Nous devenons donc abstraits et artificiels au monde qui nous entoure. Réduit à n’être qu’un rouage de la mégamachine, les technologies répondent implicitement à la question de la vie bonne pour les êtres humains. Les hauts fonctionnaires, les cadres et les ingénieurs confisquent la démocratie et l’action politique ne se résume qu’à verdir un univers devenu synthétique. Dans un monde technicisé seul la puissance et la performance comptent au final.

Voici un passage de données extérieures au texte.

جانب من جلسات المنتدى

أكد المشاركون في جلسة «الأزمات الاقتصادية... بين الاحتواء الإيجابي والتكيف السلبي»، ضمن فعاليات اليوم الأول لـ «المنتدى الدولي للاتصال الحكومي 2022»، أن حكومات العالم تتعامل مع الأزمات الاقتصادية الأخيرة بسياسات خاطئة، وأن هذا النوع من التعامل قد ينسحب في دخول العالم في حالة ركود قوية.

Les guerres s’ « internetionalisent ». La propagande est diffusée via les réseaux sociaux, les drones pilotés à distance détruisent les immeubles et les chars pendant que le droit international ne se résume, dans la bouche des nouveaux dirigeants impériaux, qu’à l’acceptation de nouvelles conditions d’utilisation comme vous l’imposeraient les GAFAM. Les technologies de communication ne libèrent donc pas les liens sociaux mais accentuent les tueries des états-empires.

Les mines produisant les métaux qui nourrissent les technologies zombies sont les futurs charniers de nos vies fantômes. Devenu êtres déchets, nous nous déplaçons dans des espaces urbanalisés, non en fonction de ce que l’on voit mais de notre GPS. Le présent n’est plus vécu comme une pré-histoire mais comme un délai où notre vie sociale, illusionnée par les IAs, ne se résume qu’à attendre la date de péremption.

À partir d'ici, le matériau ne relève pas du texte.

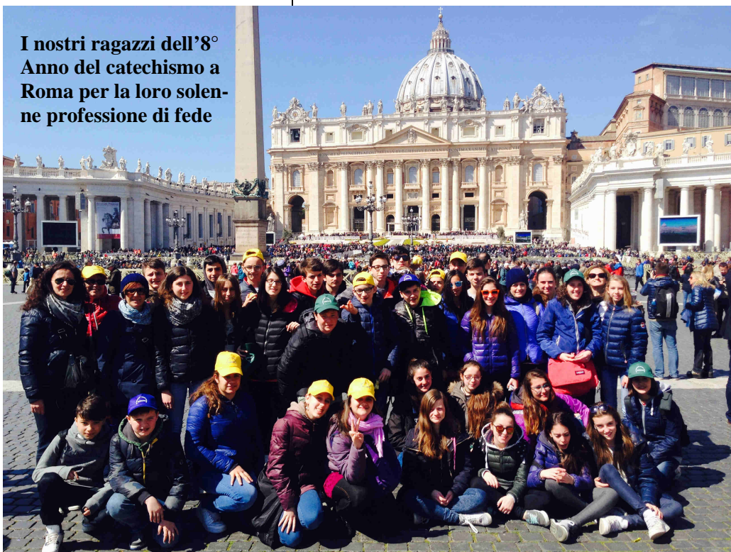
I nostri ragazzi dell'8° Anno del catechismo a Roma per la loro solenne professione di fede

to per dare ai preti il necessario per vivere, fossero anche parroci di un paesino di poche anime (ma su questo chiarisco più sotto). Insomma quello che la Chiesa cattolica incamera dallo Stato viene prevalentemente rigirato per attività, associazioni, strutture e persone fisiche rivolte ai poveri, oltre che per il recupero e il restauro di chiese, oratori o opere d'arte. Sempre in chiesa lasciamo anche un fascicoletto che riporta alcune delle iniziative che sono state affrontate con i soldi derivati dall'8x1000. Questo materiale si può anche reperire tramite il sito www.8xmille.it . Per quanto riguarda il sostentamento dei preti, funziona più o meno così. È stato istituito un fondo nazionale nel quale confluiscono le offerte (deducibili!!) che si possono effettuare con bollettini postali reperibili in chiesa (nella scatoletta a forma di chiesa). Tale fondo purtroppo non è mai sufficiente per dare il minimo ai singoli preti d'Italia. Per questo, quello che manca lo si recupera dall'8x1000. Certo che se le offerte a sostegno del clero fossero sufficienti ci sarebbero più soldi per altra beneficenza. Non tralasciate quindi di firmare!!
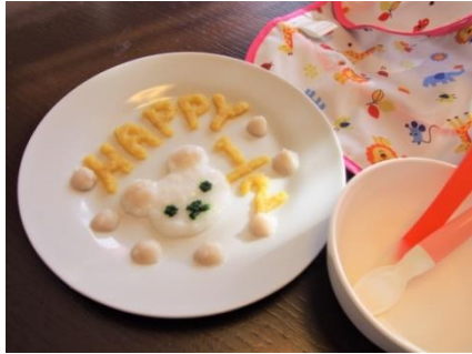
ハーフバースデーのお祝い離乳食 ～離乳食でお祝いしてみたいかが～
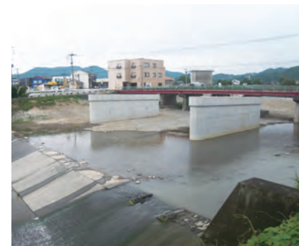
主要地方道 八女香春線（今川橋） （うきは市）

Notre système industriel a donc instauré le règne de la pensée séparée des actes. Il a créé un monde où les ingénieurs réfléchissent et les travailleurs mettent en œuvre concrètement leurs idées. L’hypertrophie du travail objective la destruction et atrophie notre éthique. Tout le monde sait que le
bateau est troué et que le capitaine ment, mais nous naviguons joyeusement vers l’ile perdue. Tel un
cheptel humain devenant locataire de sa propre existence, nous faisons réseaux, d’IP à IP.

La postmodernité érige la puissance comme une valeur et la performance comme une fin

Aujourd’hui, il nous faut plus que jamais abandonner les mythes de la libération par l’automatisation des machines et le numérique. Il nous faut réaccorder nos actes à notre pensée afin de ne plus être dépossédé. Ne plus ronger le globe terrestre limité comme des vers mais se réapproprier de manière démocratique nos outils. Freiner les déferlements technologiques et démanteler les technologies de contrôle pour minimiser les bouleversements des cycles biogéochimiques.

La pulsion inlassable de la société moderne vers l’innovation et la dynamisation incessantes sape notre capacité d’atténuation et notre adaptation créative. Schizophrénie prométhéenne, nous sommes capables de détruire à coups de bombes des centaines de milliers d’humains, mais nous ne savons ni les pleurer ni nous en repentir. Déracinés, notre vie citadine munie d’ordinateurs et d’algorithmes, ne se résume qu’à suivre maps dans un fond sonore omniprésent.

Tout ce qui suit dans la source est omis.